Task description: Leaving the pictures aside, return all of the data below exactly.

#### The data ####

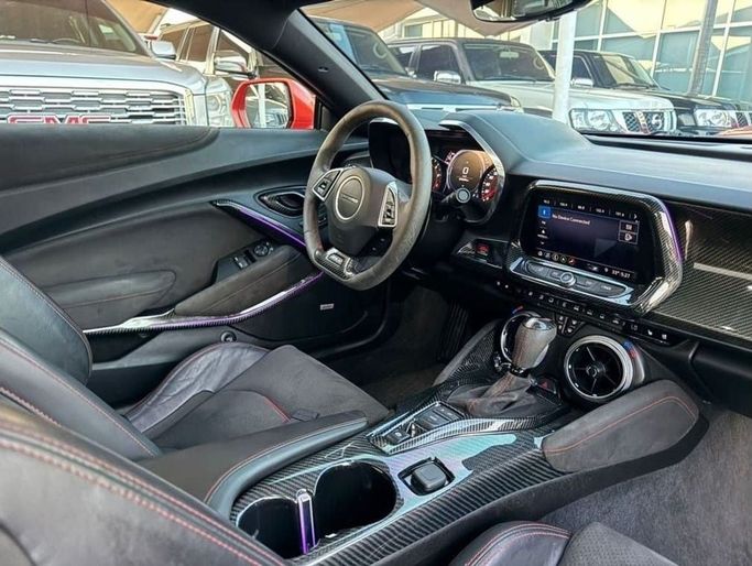 CHEVROLET CAMARO ZL1 GCC 2019 Service history Original paint Zero accidents Full option Full carbon fibre شيفروليه كمارو ZL1 خليجي 2019 تشييكات الوكالة صبغ وكالة بحالة الوكالة فل أوبشن فل كاربن فايبر بدون حوادث أو أعطال ضمان (شاصي جير ماكينة) برتقالي داخل جلد اسود واحمر سيتات ريكاريو شاشة، نافيجيشن فتحة سقف بانوراما سنسرات، مسجات وقوف السيارات ليتات LEF كراسي كهربائية نوافذ كهربائية مثبت سرعة تشغيل بصمة دخول بدون مفتاح كاميرا الرجوع للخلف اعلى المواصفات عداد المسافة: 82,000 كم
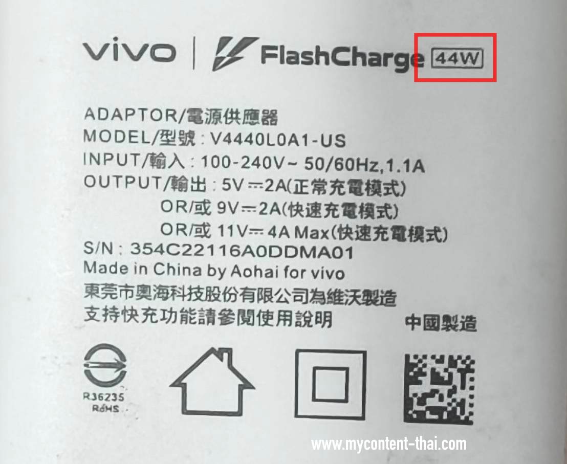 1. พลิกสายชาร์จมาดูจำนวนกำลังไฟที่ระบุไว้
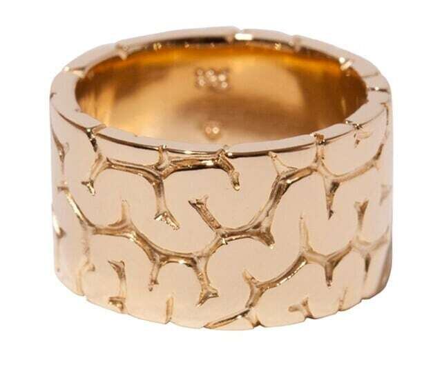脳面柄が彫られた太めの板状リング、ゴールドコーティングVer.。
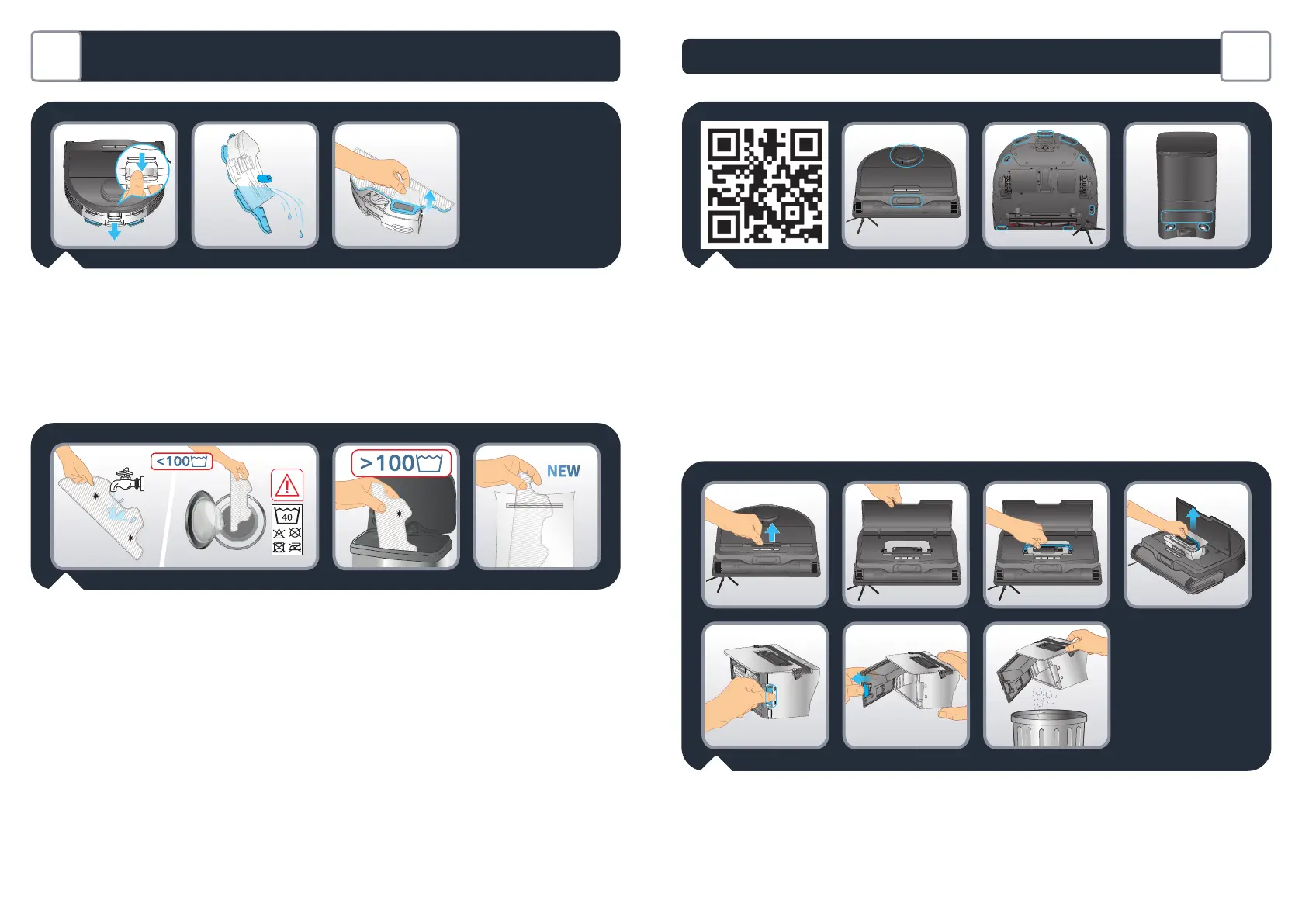 Flashez le code QR ci-dessus pour découvrir comment entretenir le robot an qu’il conserve ses

####

Task output:
 CHEVROLET CAMARO ZL1 GCC 2019 Service history Original paint Zero accidents Full option Full carbon fibre شيفروليه كمارو ZL1 خليجي 2019 تشييكات الوكالة صبغ وكالة بحالة الوكالة فل أوبشن فل كاربن فايبر بدون حوادث أو أعطال ضمان (شاصي جير ماكينة) برتقالي داخل جلد اسود واحمر سيتات ريكاريو شاشة، نافيجيشن فتحة سقف بانوراما سنسرات، مسجات وقوف السيارات ليتات LEF كراسي كهربائية نوافذ كهربائية مثبت سرعة تشغيل بصمة دخول بدون مفتاح كاميرا الرجوع للخلف اعلى المواصفات عداد المسافة: 82,000 كم
 1. พลิกสายชาร์จมาดูจำนวนกำลังไฟที่ระบุไว้
脳面柄が彫られた太めの板状リング、ゴールドコーティングVer.。
 Flashez le code QR ci-dessus pour découvrir comment entretenir le robot an qu’il conserve ses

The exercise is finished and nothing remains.